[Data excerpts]

-*-*-

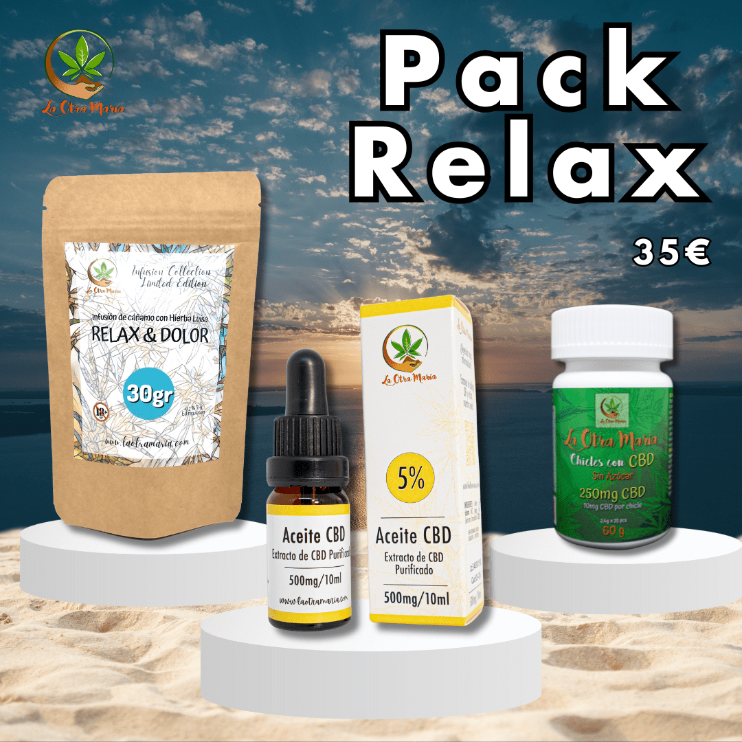 En este pack incluimos Aceite de CBD de 5%, nuestros chicles de CBD y nuestra infusión estrella, la Relax & Dolor con hierbaluisa, rooibos y cáñamo. Todos estos productos son ideales para mejorar tu día a día con productos naturales, que cuando los combinas, consigues un efecto inmejorable.
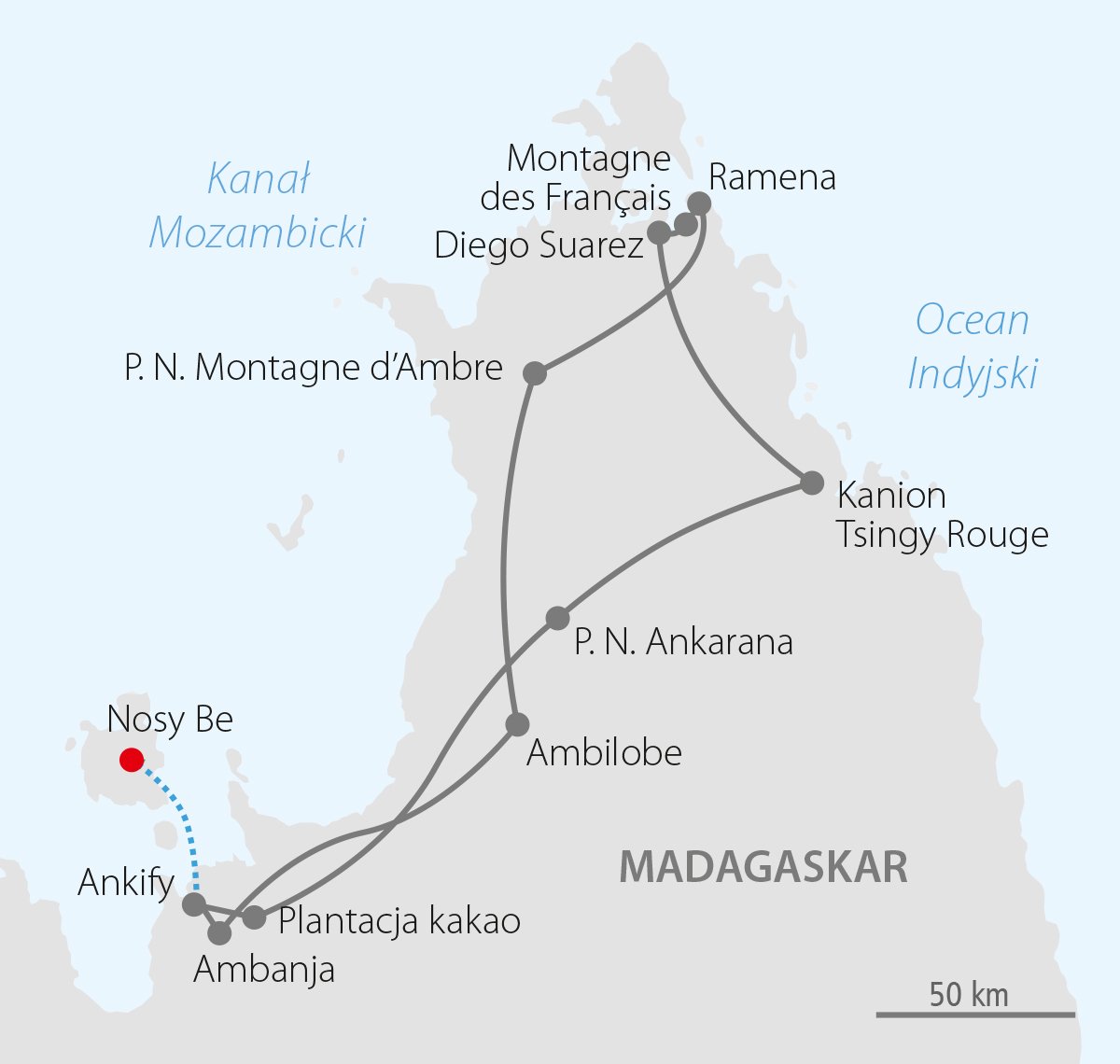 Madagaskar to wyspa jedyna w swoim rodzaju. Miliony lat izolacji od innych lądów sprawiły, że około 80 procent flory i fauny jest tu unikalne i niespotykane nigdzie indziej na świecie. Program wycieczki pozwoli zwiedzić i podziwiać urokliwe, a wręcz bajkowe miejsca tego tajemniczego zakątka ziemi. Góry, parki narodowe, a w nich wszędobylskie lemury, ciekawa historia i kultura oraz wiele innych atrakcji pozwoli odkryć nową, interesującą część naszej planety. Po pełnym wrażeń programie warto przedłużyć wakacje o wypoczynek w wybranym hotelu z oferty ITAKI na pięknej Nosy Be.
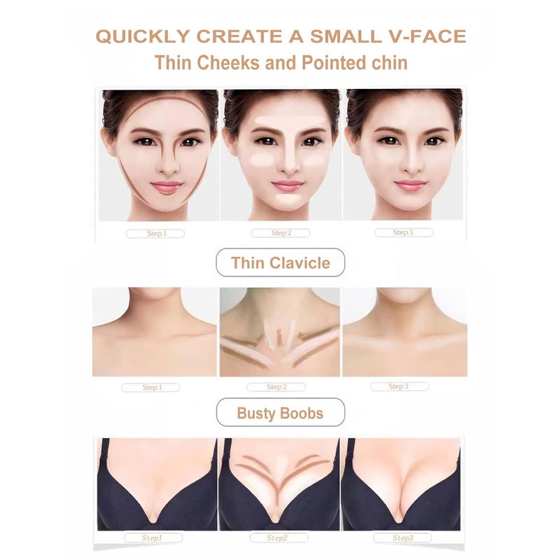 - 【How to Use】Using a bronzer contour stick, apply the shadow color to your cheekbones and cupids, as well as the sides of your nose, hairline, and under your jawline. Apply highlighter to T-zone, cheekbones and chin. Then apply blush to your cheeks. then use a soft makeup brush to smooth out until it blends into your skin for a natural, perfect matte finish look.
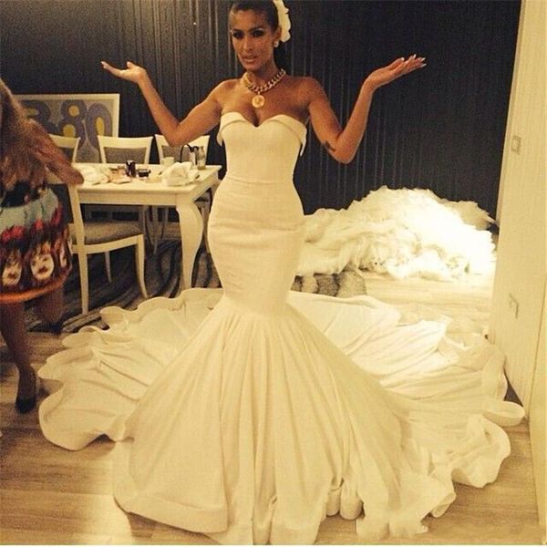 simple design white mermaid wedding dresses 2019 new summer sweetheart court train beach bridal gowns custom made satin vestidos 1360
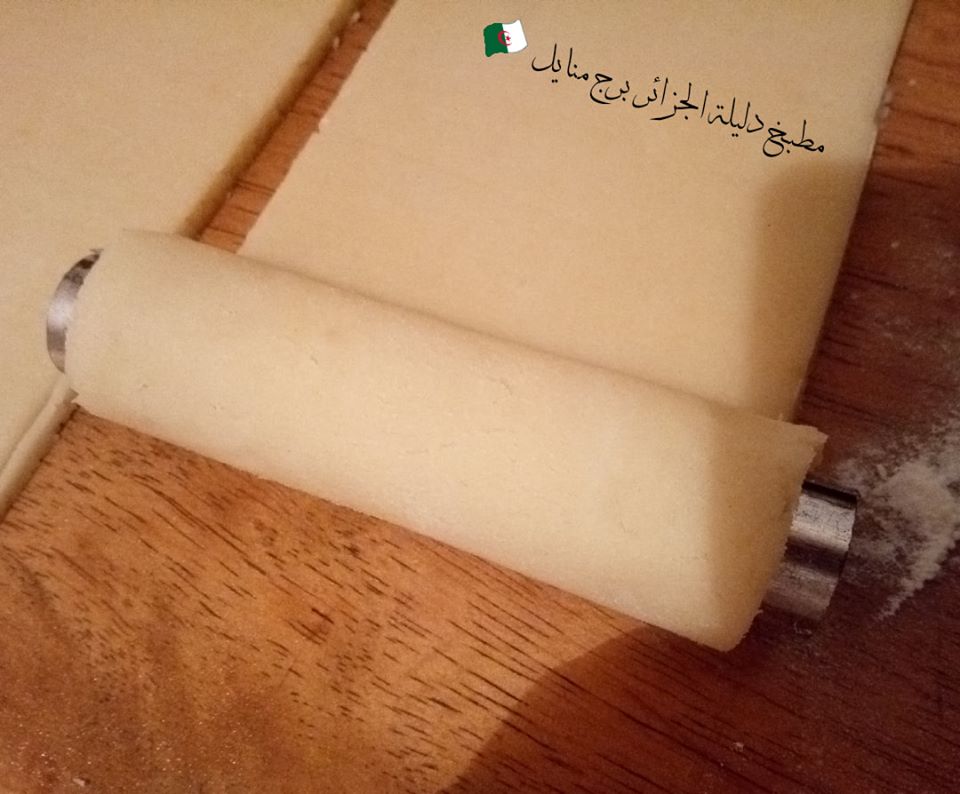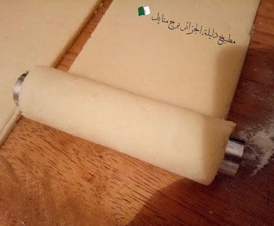 ثم نبسط العجين بالحلال على شكل مستطيل سمك رقيق و العرض يكون على حسب مول سيكار ثم نلف المول بالعجين دورة و نصف و نغلقو جيدا ثم نصففه في صينية و ندخله الفرن مسخن مسبقا على 180 درجة

-*-*-

Task description => Restate the records above word for word. Skip every picture.

Response =>
 En este pack incluimos Aceite de CBD de 5%, nuestros chicles de CBD y nuestra infusión estrella, la Relax & Dolor con hierbaluisa, rooibos y cáñamo. Todos estos productos son ideales para mejorar tu día a día con productos naturales, que cuando los combinas, consigues un efecto inmejorable.
 Madagaskar to wyspa jedyna w swoim rodzaju. Miliony lat izolacji od innych lądów sprawiły, że około 80 procent flory i fauny jest tu unikalne i niespotykane nigdzie indziej na świecie. Program wycieczki pozwoli zwiedzić i podziwiać urokliwe, a wręcz bajkowe miejsca tego tajemniczego zakątka ziemi. Góry, parki narodowe, a w nich wszędobylskie lemury, ciekawa historia i kultura oraz wiele innych atrakcji pozwoli odkryć nową, interesującą część naszej planety. Po pełnym wrażeń programie warto przedłużyć wakacje o wypoczynek w wybranym hotelu z oferty ITAKI na pięknej Nosy Be.
 - 【How to Use】Using a bronzer contour stick, apply the shadow color to your cheekbones and cupids, as well as the sides of your nose, hairline, and under your jawline. Apply highlighter to T-zone, cheekbones and chin. Then apply blush to your cheeks. then use a soft makeup brush to smooth out until it blends into your skin for a natural, perfect matte finish look.
 simple design white mermaid wedding dresses 2019 new summer sweetheart court train beach bridal gowns custom made satin vestidos 1360
 ثم نبسط العجين بالحلال على شكل مستطيل سمك رقيق و العرض يكون على حسب مول سيكار ثم نلف المول بالعجين دورة و نصف و نغلقو جيدا ثم نصففه في صينية و ندخله الفرن مسخن مسبقا على 180 درجة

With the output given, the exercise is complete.